Exercise data below:
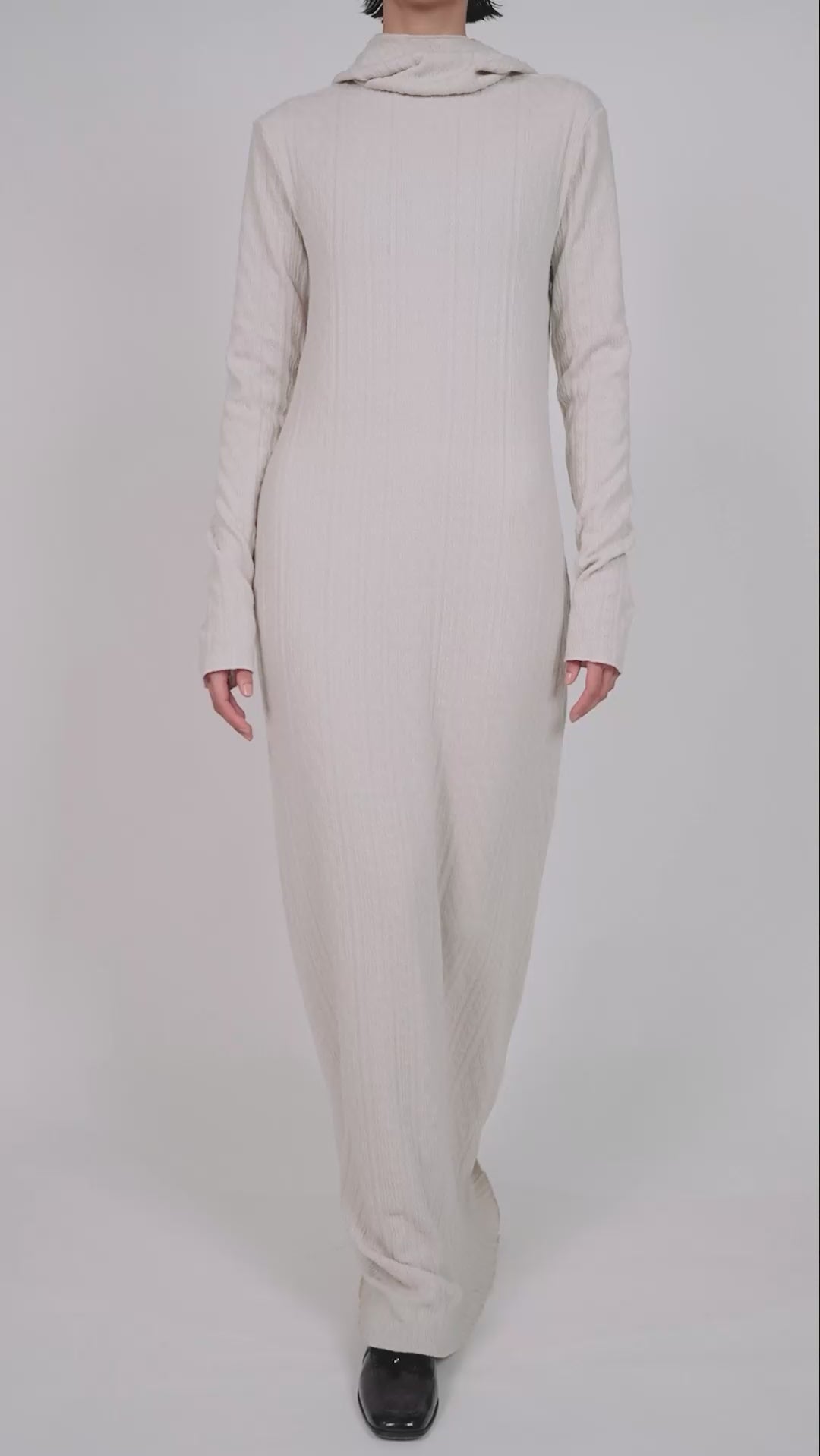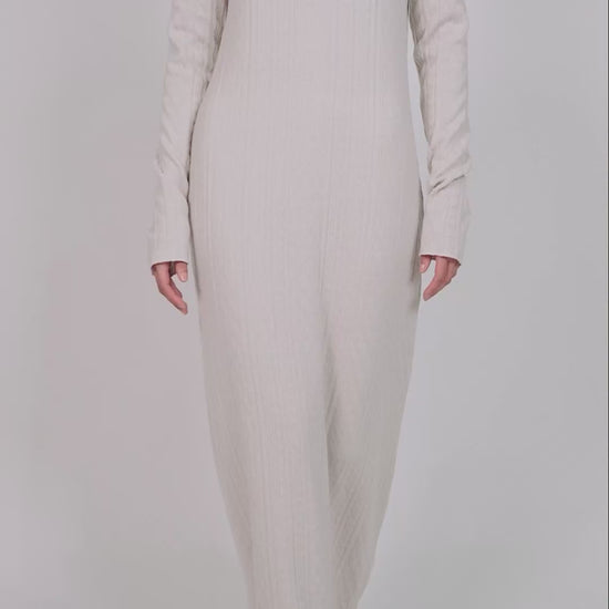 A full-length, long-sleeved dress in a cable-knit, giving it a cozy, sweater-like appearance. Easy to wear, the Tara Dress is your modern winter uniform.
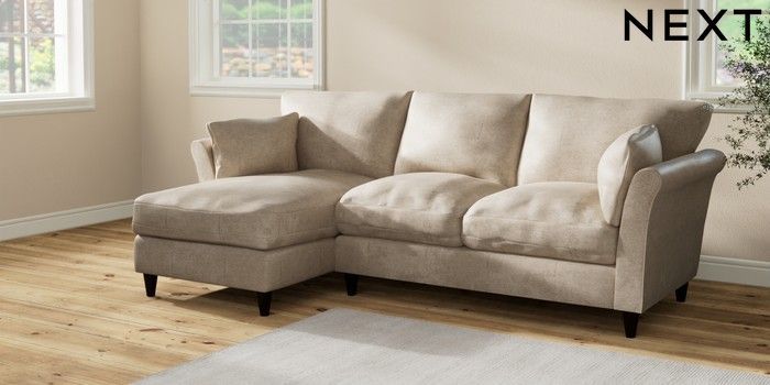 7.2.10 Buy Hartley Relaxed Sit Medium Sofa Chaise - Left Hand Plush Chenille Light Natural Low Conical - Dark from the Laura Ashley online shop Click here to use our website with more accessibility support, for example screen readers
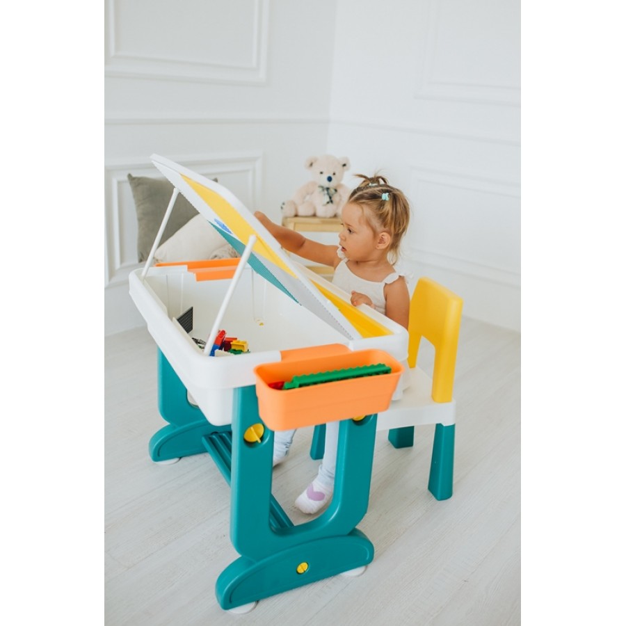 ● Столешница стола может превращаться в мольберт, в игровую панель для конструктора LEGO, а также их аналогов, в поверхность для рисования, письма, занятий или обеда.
End of Exercise data.
• Problem statement:
Drop the pictures, then write out only the lines running from the one containing "7.2.10 Buy Hartley" through the last line above, both included, exactly.

• Response to this exercise:
 7.2.10 Buy Hartley Relaxed Sit Medium Sofa Chaise - Left Hand Plush Chenille Light Natural Low Conical - Dark from the Laura Ashley online shop Click here to use our website with more accessibility support, for example screen readers
 ● Столешница стола может превращаться в мольберт, в игровую панель для конструктора LEGO, а также их аналогов, в поверхность для рисования, письма, занятий или обеда.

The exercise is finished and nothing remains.